Searching strings, and length

  1. How do you search for a string using the search function. I haven’t tried it recently, but I seem to recall that when I used quotaion marks, the search engine looked for the quotation marks in addition to the words.

  2. Why must there be a four-character minimum for search parameters? ISTR that the limit was placed to prevent people from maliciously bogging down the server. Since only registered (i.e., paying) members are allowed to use the search function, why can’t this limit be removed? For example, I wanted to look for ‘luck of the pot’. Can’t do it. There are other legitimate three-character words that people have wanted to find, but were not allowed to as well.

It may be that in our current situation, 3 characters is a more appropriate limit than 4, but to change it would require that the search index be completely rebuilt. I don’t know how much, exactly, this would entail, but I would not be surprised to hear a day of downtime for it. Is it worth it? I dunno.

That’s odd. I just tried it and got both your OP here and your post in Comments on Staff Reports. What message did you get originally? Maybe the search did go through, but there just weren’t any results when you tried. The less-than-perfect state of the index might be a factor.

Here’s an earlier thread that refers to searching with quoted strings: http://boards.straightdope.com/sdmb/showthread.php?t=265445

I typed in “luck of the pot” (with the double quotation marks) and the message was something like ‘The following words are too common, or are too short’ followed by “of”, “the”, “pot”.

Okay. I just tried “luck of the pot” in Advanced Search, Any Date, General Questions:

Searching all open forums brings up the two recent results.

I know I used the phrase in GQ though.

Is this the thread you are looking for?

What is the history of potluck?

I did a search on just “of the pot” (no luck) including the quotes in the search field. I restricted it to posts by Johnny L.A. in GQ with no timeframe restriction.

For some reason, it highlights of, the, and pot only where the word is not next to a quotation mark. That gives me the impression that it does a whole word search only, and the quote marks in your post mean that “luck and pot” in your post are considered different words than luck and pot in your search parameters just because they abut quote marks.

I assume the search works by SQL querying all posts. If that’s the case, then shorter words make for much less efficient querying. Plus, very common words will result in way too many matches: “of” or “the” would probably hit about 90% of all the posts ever made.

The vBulletin out-of-the-box search simply wasn’t built for boards with hundreds of thousands of posts. Y’all should create a true inverted index of posts.
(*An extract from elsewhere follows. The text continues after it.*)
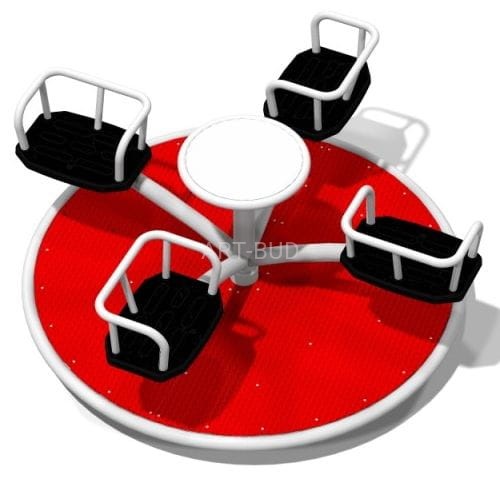 Zabawka typu karuzela tarczowa 4-ramienna z kierownicą napędową. Średnica wynosi 1,58 m. Podłoga karuzeli jest wykonana z płyty PE dzięki czemu jest miękka (bezpieczna), antypoślizgowa (dodatkowa antypoślizgowa faktura) oraz nie ulega nagrzewaniu na słońcu oraz zmrożeniu zimą.

I bet it would take less than an hour to build the initial index, and new posts could be added to the index incrementally. Searching would then be much faster for the user, much more efficient on the server, and the results would probably be better as well.

I don’t know all the technical details, but we are already using a search index of some sort, to which posts are continually added. It’s still slow. And words like “the” would obviously not be useful for searches, but that’s what the badwords file is for. The number of common, search-clogging three-letter words like “the” is far less than the number of specific, search-useful words like “OSX” or “Gnu”.